Exercise details: Set the listing down again in full, word for word, with the pictures left out.

The data:
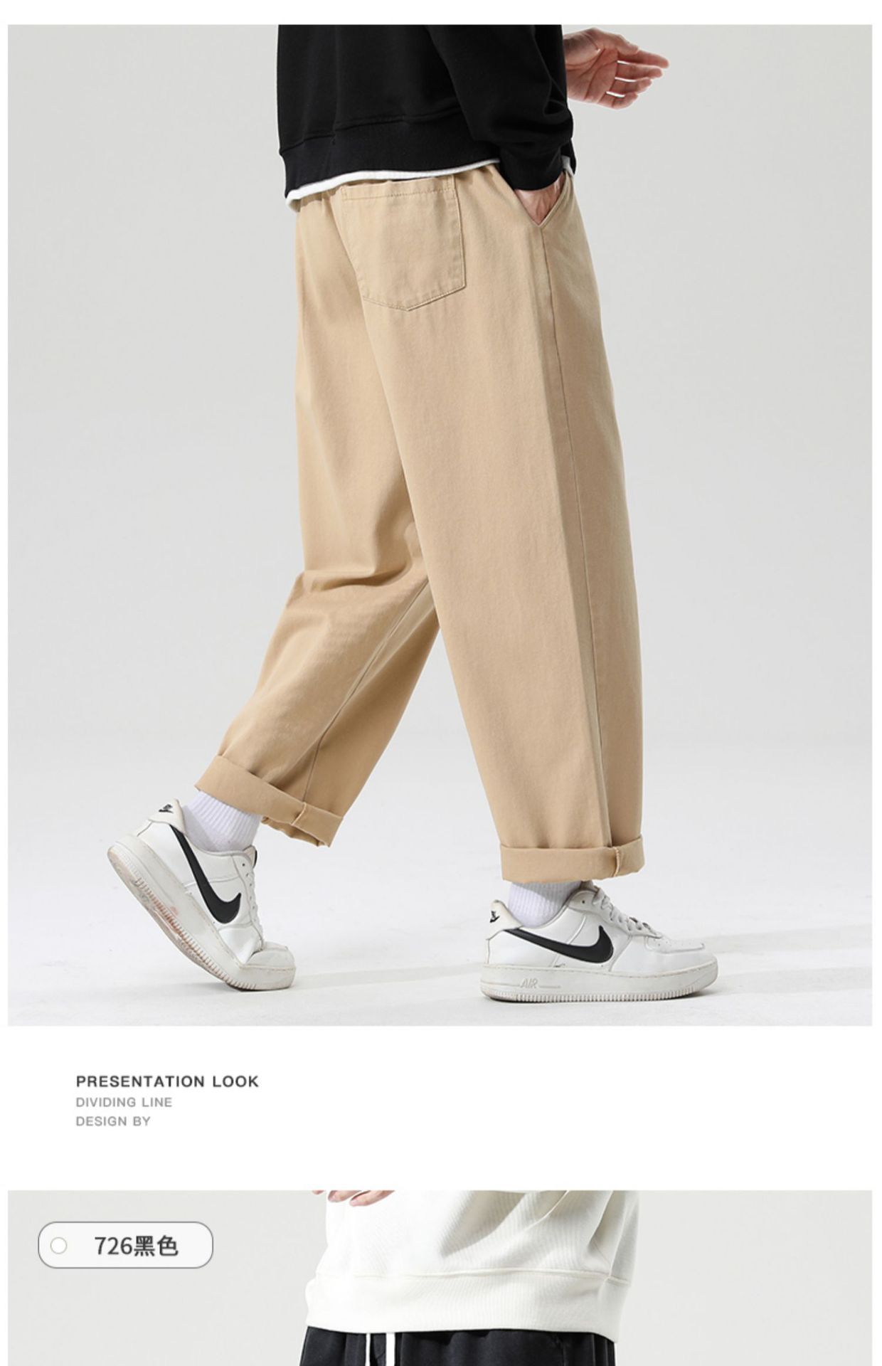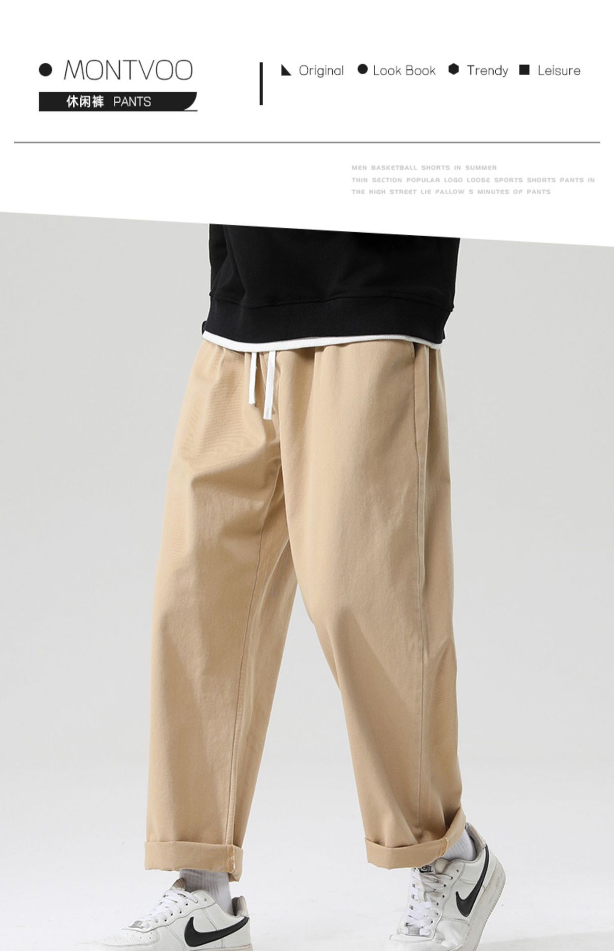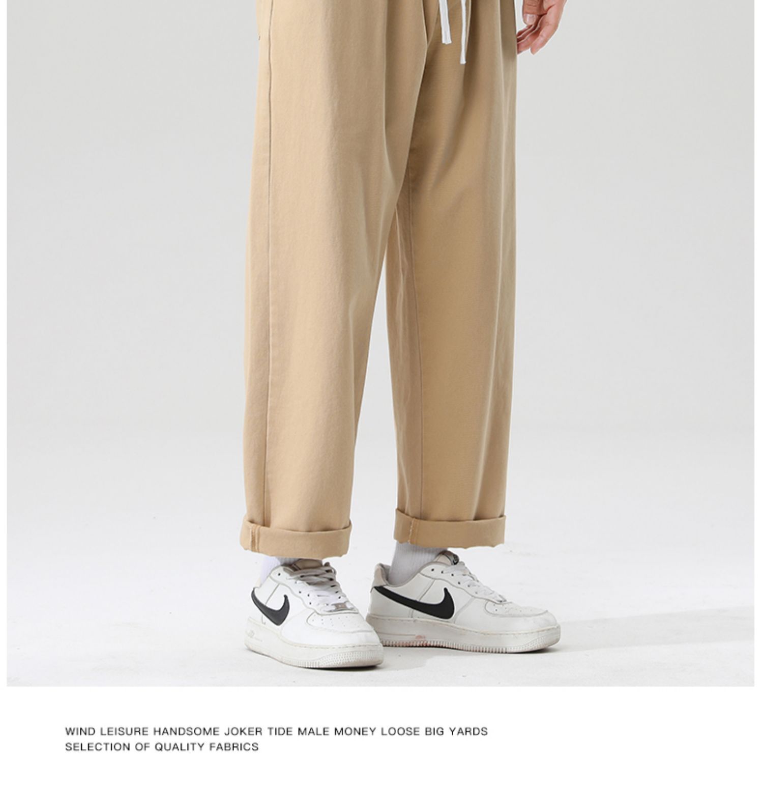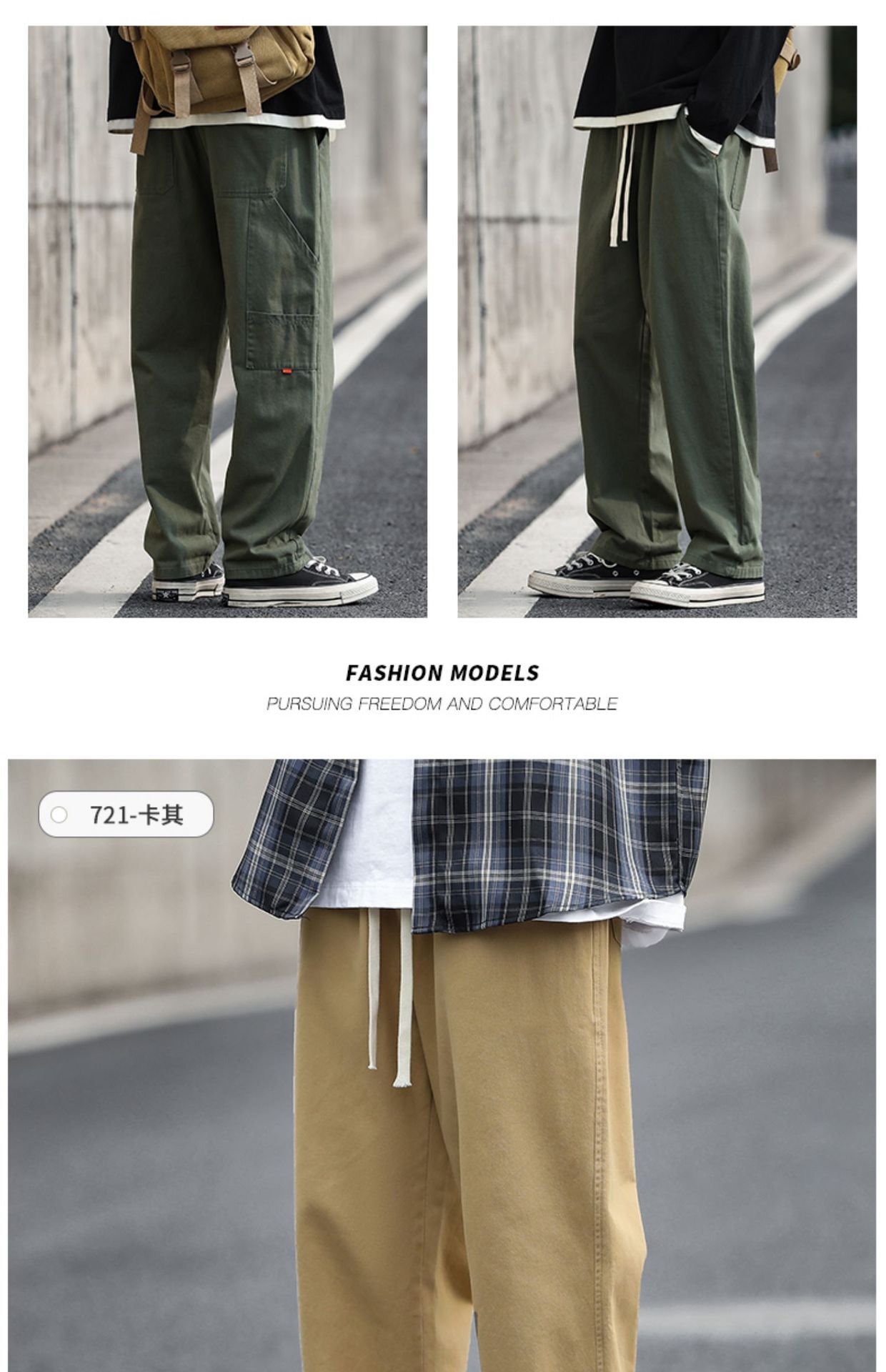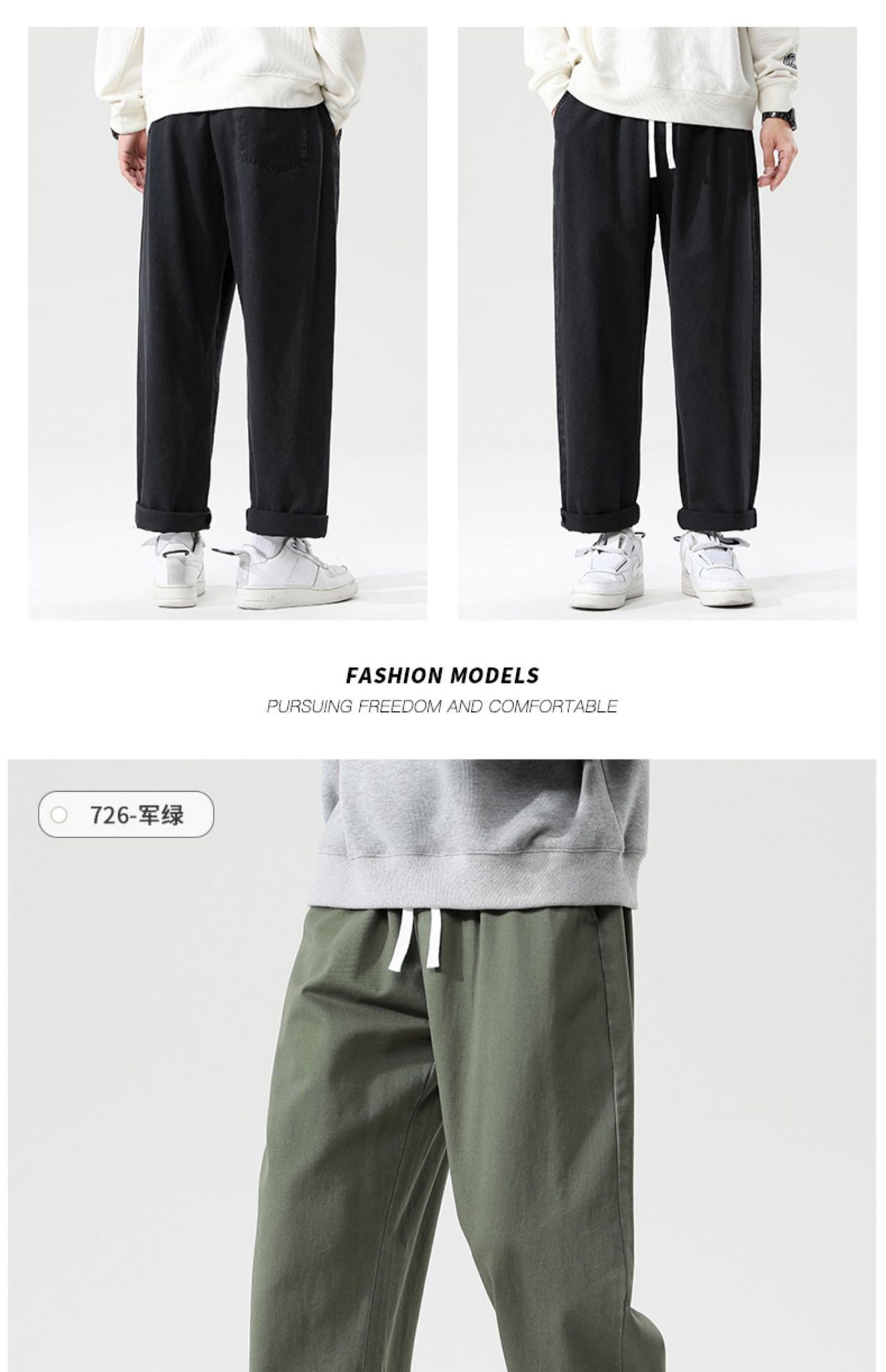 「3色可选」NASA夏季男士休闲裤 潮流卡其色工装纯棉宽松直筒抽绳大码长裤子下装
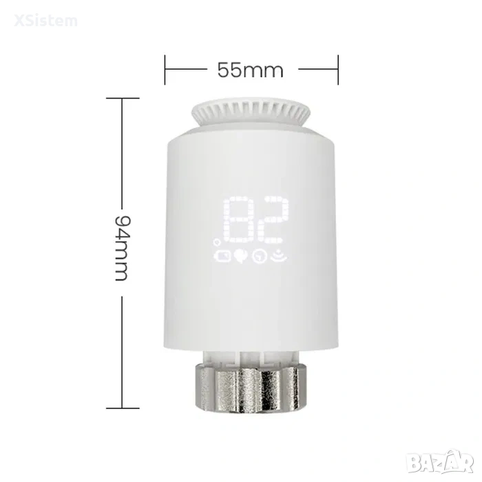 Интелигентен термостатичен вентил за радиатор, известен също като интелигентен TRV, замества съществуващия термостатичен вентил на вашия радиатор и ви позволява да създадете зонирана отоплителна система, в която всеки радиатор може да се управлява индивидуално с помощта на приложение на вашия смартфон или таблет. ТОВА КОЕТО ПРЕДЛАГА ТОЗИ ПРОДУКТ Е: УПРАВЛЕНИЕ ОТ ТЕЛЕФОН – Независимо къде се намирате по земното кълбо, имате пълен контрол над радиаторното си отопление; ИКОНОМИЯ НА ЕНЕРГИЯ – Работа само при нужда, там където е необходимо. Край на разходите за излишна енергия;
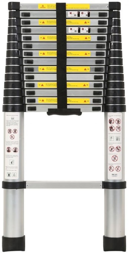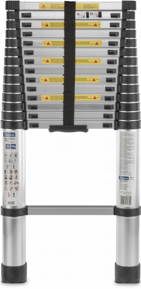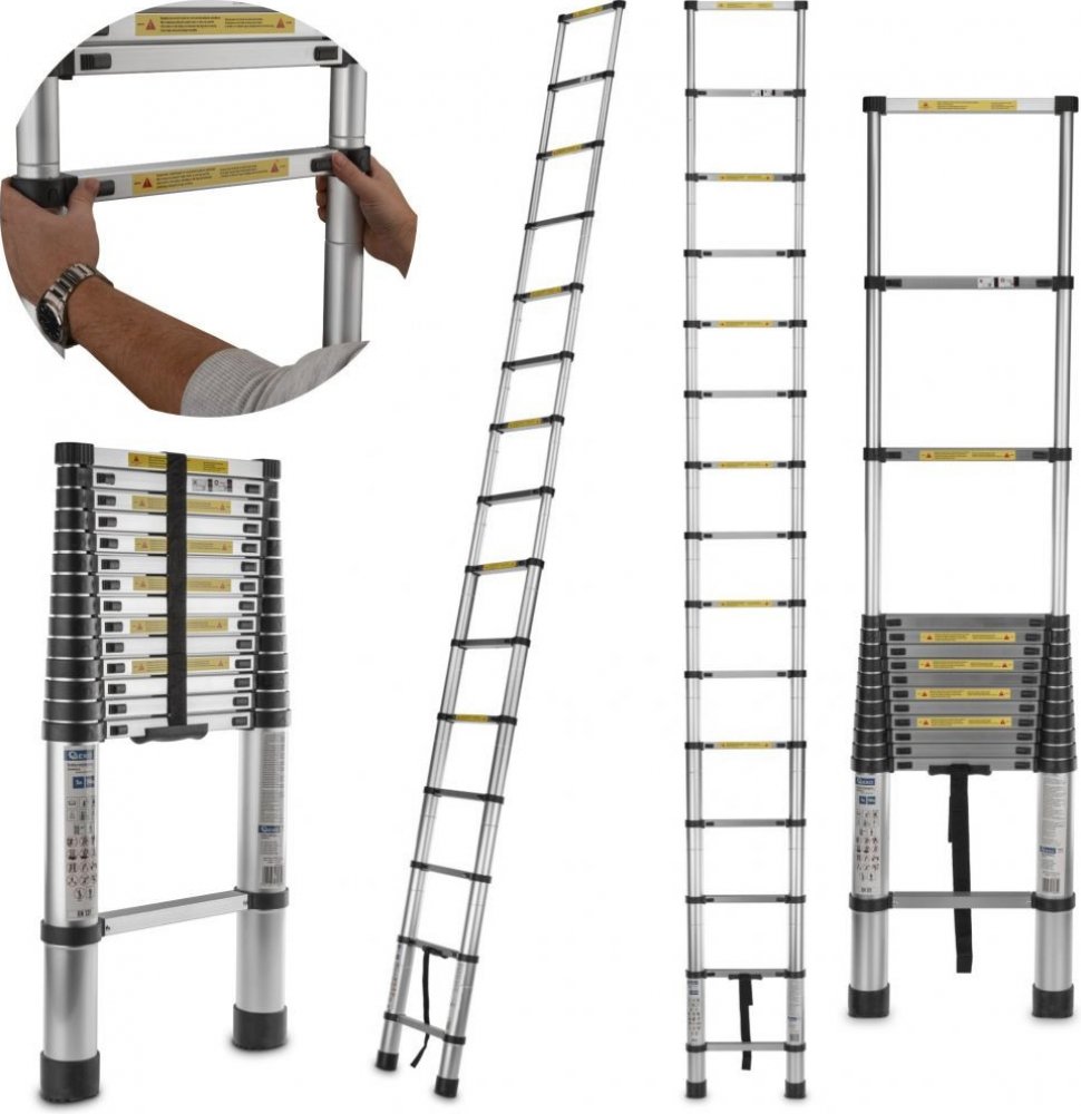 Teleskopický žebřík je tvořen sekcemi, které lze snadno vysouvat a zasouvat, což umožňuje přesné nastavení délky. Díky tomu je žebřík univerzální a přizpůsobitelný pro různé úkoly, jako jsou práce v různých výškách nebo na hůře přístupných místech. Každá sekce je zabezpečena blokovacími mechanismy, které udržují žebřík pevně na místě a zajišťují jeho stabilitu a bezpečnost při použití. Tyto mechanismy zabraňují náhodnému sklouznutí sekcí žebříku.

Your solution:
 「3色可选」NASA夏季男士休闲裤 潮流卡其色工装纯棉宽松直筒抽绳大码长裤子下装
 Интелигентен термостатичен вентил за радиатор, известен също като интелигентен TRV, замества съществуващия термостатичен вентил на вашия радиатор и ви позволява да създадете зонирана отоплителна система, в която всеки радиатор може да се управлява индивидуално с помощта на приложение на вашия смартфон или таблет. ТОВА КОЕТО ПРЕДЛАГА ТОЗИ ПРОДУКТ Е: УПРАВЛЕНИЕ ОТ ТЕЛЕФОН – Независимо къде се намирате по земното кълбо, имате пълен контрол над радиаторното си отопление; ИКОНОМИЯ НА ЕНЕРГИЯ – Работа само при нужда, там където е необходимо. Край на разходите за излишна енергия;
 Teleskopický žebřík je tvořen sekcemi, které lze snadno vysouvat a zasouvat, což umožňuje přesné nastavení délky. Díky tomu je žebřík univerzální a přizpůsobitelný pro různé úkoly, jako jsou práce v různých výškách nebo na hůře přístupných místech. Každá sekce je zabezpečena blokovacími mechanismy, které udržují žebřík pevně na místě a zajišťují jeho stabilitu a bezpečnost při použití. Tyto mechanismy zabraňují náhodnému sklouznutí sekcí žebříku.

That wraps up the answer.